Down the hall in the church’s nave, Susan Gaylord — a graduate of the Manhattan School of Music’s opera study program and a vocal instructor for Lawrenceville and Pennington schools — leads the other training chorus unit. Ten students crowd the first pew, near the piano where Gaylord plays and then hops up to clarify a point. “Put the ‘B’ on the top of the beat,” she tells them, referring to a specific word at a specific point. The students attack the line and nail the rhythm and sound. Gaylord smiles and compliments them.
“There’s been a 100 percent high school graduation and college entrance from the kids in the program,” Thel says about the program and its effect. She gives her thoughts about the group’s success: “Musicians seem to stay out of trouble. That seems like just a positive side effect, but it’s a very big thing. I also see that people who sing in choirs learn about how to form community. Think of the difference between making contact with people through Facebook and singing with them.
“But the thing that is the most fun to see is the world that opens up to students through music. They learn a musical language, can access a body of literature that they would not be able to access without training, sing in other languages and in the process learn about other cultures, connect to poetry and philosophy, and can sometimes have the same kind of euphoria that you might reach after a good run. When they are able to perform in great venues, all of that benefit seems to quadruple.”

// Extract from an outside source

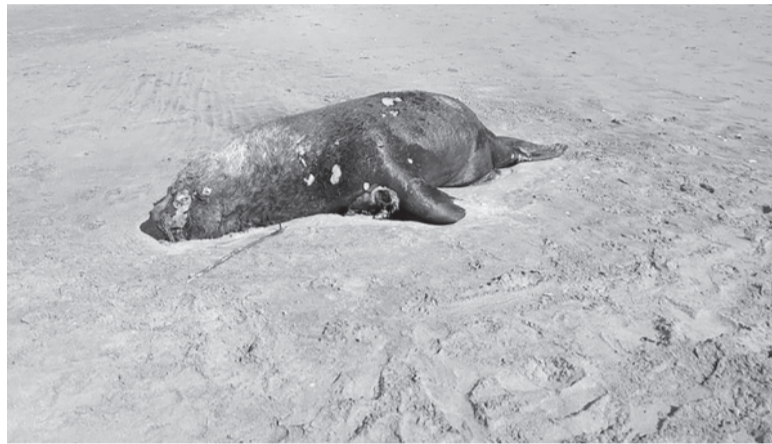
Caso. El ejemplar fue hallado muerto en la localidad de Las Gaviotas.

A partir de los brotes registrados en las colonias de lobos marinos de Mar del Plata y Necochea, el Municipio de Villa Gesell, a cargo de Gustavo Barrera, estableció en los últimos días un protocolo para evaluar y monitorear la situación en el distrito, desplegar tareas de prevención y control, y analizar posibles respuestas ante emergencias.

It is now 5:30 p.m., and Thel and the high school students have replaced the younger students in the main church. This is the unit that works to master choral literature and give professional performances. With regionally known pianist Jo-Ann Rubay Sciarrotta providing accompaniment, Thel intones a note. The students — wearing everything from skirts and blouses to hoodies and leather jackets — respond with commitment and engagement.
She then gets serious and, thinking of the concerts to come, says, “Now it is time to really work.” They take out “Carol of the Bells” and begin.

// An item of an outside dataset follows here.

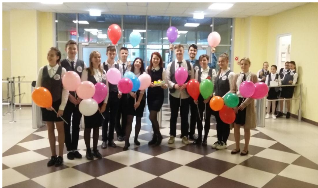
Организация праздника «День учителя»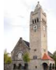
Johanniskirche Windeckstr. 1 68163 Mannheim-Lindenhof

Öffentliche Verkehrsmittel: Haltestelle Marktplatz | Straßenbahnlinien: 1, 3, 4, 5, 7

While routine, something deeper is going on. Something reflected in a statement by one of the students on the chorus’ website: “Being a chorister for nine years was much more than singing in the choir. Often choir practice was the highlight of my week because, there, I felt a sense of belonging. I’ve always been quiet and reserved, but TCC helped me to grow out of that shell and has had a tremendous effect on my life. Trenton does not always provide many opportunities for young people, but through TCC, I was able to experience and view a world that had been closed off to me.”
Suddenly Thel stops the sing and gives the group an idea to help the singing be more bell-like. “I’ve devoted my life to singing vowels. But don’t sing them now. Just go to the ‘Ding!’”

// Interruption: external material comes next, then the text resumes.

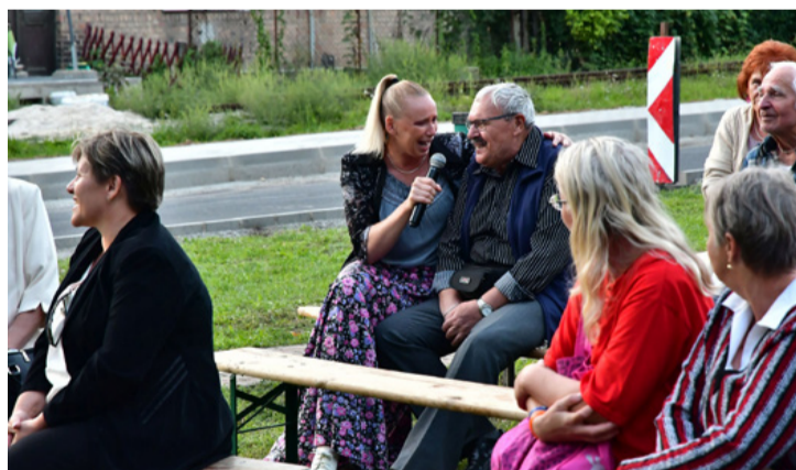
Kovács Ágnes Magdolna, a Pannon Várszínház színésze a közönséget is megénekelte

It’s her way of telling them to go for the gold.
Trenton Children’s Choir, Covenant Presbyterian Church, 471 Parkway Avenue, Trenton, Sunday, December 7, “Lessons and Carols,”4 p.m., and Friday, December 12, Winter Concert, 7 p.m. Admission: Good Will Offering.
Upcoming: Friday, February 6, Black History Month Concert. 6:30 p.m. and Friday, March 27, 7 p.m., Covenant Presbyterian Church, Trenton. Saturday, March 28, 25th Anniversary Concert, 7 p.m., Miller Chapel, Princeton Theological Seminary. Sunday, April 12, “Spring into Song,” Central Baptist Church, Ewing. Friday, May 15, Spring Concert, 7 p.m. Covenant Presbyterian Church.